I'm working on a fifth manuscript, with partials and fulls out on two earlier novels. All this querying and rejection is getting to me. The only solution is to focus on the current WIP and read even more - to research what sort of drivel is marketable and head in that direction. I started writing because I could not find anything worth reading. If I want to be published, I will have to write something that I would not bother with if I found it in a bookstore, because that is what is selling. Before publishing worthwhile prose, perhaps an author has to pay their dues with the same old same old that publishing houses are most comfortable with. Don't know if I will write like that, though. I'll probably just keep writing what I like for the pleasure of it, and keep trying to break into the industry. Life is long, and I am not so old.
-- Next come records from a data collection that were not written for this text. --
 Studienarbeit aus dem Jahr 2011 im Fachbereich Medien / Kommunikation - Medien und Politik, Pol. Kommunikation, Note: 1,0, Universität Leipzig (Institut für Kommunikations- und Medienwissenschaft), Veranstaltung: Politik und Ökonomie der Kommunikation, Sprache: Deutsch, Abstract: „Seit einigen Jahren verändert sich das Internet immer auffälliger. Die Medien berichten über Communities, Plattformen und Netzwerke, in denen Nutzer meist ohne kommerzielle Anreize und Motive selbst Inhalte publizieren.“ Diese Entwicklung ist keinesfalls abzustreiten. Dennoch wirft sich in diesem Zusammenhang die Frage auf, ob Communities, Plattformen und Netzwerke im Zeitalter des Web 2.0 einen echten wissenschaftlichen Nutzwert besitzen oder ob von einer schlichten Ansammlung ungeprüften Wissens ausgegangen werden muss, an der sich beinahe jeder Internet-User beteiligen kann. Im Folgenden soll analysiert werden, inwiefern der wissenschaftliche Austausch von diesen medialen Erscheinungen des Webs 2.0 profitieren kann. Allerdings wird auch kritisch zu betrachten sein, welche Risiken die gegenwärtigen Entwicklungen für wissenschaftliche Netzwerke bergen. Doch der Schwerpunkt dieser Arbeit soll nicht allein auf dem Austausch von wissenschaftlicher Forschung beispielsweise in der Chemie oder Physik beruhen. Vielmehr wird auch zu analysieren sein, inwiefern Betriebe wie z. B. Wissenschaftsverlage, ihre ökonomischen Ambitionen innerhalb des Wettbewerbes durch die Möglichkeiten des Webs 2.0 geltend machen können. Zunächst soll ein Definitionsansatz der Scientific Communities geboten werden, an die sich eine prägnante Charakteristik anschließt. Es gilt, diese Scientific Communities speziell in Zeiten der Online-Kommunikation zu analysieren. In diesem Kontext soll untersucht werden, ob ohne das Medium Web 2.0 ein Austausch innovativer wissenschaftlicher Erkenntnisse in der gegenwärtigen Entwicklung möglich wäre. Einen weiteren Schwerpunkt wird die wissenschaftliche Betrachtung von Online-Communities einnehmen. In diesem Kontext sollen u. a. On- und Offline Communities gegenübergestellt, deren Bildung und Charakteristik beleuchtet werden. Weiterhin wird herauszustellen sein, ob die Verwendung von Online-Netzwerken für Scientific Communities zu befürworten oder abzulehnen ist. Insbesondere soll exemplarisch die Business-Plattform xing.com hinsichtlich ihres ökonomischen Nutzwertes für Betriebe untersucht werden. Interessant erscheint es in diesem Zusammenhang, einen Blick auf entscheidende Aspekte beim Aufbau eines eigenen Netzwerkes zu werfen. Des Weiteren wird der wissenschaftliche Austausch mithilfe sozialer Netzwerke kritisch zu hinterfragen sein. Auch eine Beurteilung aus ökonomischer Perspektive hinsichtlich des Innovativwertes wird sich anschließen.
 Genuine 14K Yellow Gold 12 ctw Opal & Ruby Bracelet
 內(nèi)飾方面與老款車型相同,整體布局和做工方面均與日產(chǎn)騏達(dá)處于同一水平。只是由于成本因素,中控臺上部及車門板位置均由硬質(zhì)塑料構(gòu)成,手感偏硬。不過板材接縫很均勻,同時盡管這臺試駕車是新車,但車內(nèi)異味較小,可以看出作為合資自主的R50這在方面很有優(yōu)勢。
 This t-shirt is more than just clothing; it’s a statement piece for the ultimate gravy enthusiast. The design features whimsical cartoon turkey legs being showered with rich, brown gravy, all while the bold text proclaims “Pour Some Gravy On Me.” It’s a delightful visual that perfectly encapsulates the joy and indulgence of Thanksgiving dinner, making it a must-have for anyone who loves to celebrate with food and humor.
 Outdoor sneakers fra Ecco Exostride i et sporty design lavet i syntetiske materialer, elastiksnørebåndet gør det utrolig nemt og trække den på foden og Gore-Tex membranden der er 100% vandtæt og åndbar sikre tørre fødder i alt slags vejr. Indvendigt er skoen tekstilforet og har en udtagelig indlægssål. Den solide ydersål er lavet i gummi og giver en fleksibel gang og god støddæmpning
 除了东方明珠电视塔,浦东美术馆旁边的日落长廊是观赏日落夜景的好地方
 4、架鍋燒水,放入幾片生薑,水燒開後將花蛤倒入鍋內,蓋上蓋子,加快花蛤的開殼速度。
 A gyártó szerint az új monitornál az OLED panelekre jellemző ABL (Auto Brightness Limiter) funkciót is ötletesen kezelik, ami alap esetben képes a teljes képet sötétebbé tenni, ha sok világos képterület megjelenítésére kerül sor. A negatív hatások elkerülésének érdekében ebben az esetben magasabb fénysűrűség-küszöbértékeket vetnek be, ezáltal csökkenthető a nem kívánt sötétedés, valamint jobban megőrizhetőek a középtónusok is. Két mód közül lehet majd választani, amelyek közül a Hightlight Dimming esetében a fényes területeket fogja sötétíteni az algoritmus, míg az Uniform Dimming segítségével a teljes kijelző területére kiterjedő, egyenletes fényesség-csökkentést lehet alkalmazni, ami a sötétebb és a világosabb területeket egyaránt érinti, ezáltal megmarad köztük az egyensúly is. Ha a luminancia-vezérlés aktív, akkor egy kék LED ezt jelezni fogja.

Word on the street is that literary agents go into a sort of hiatus during December because of the holidays. I suspect that some agents go into a hiatus whenever they are swamped with material, and then exit the break by ignoring whatever they did not get to. I've been waiting - well, not anymore - on Sally Wofford-Girand since October, 2004 (partial), Ethan Ellenberg since February (full), Julia Lord since April (partial), Matt McGowan and Susan Golomb since May (partials), Robert Guinsler since March (full), and Andrea Cirillo since September (full with requested edits). As a courtesy, I would expect a reply, especially since I included a SASE for a response. Following up has proven to be pointless, because my e-mails have been just as ignored as the manuscripts. Must be the New York state of mind - rudeness is not a fault, just a way of life.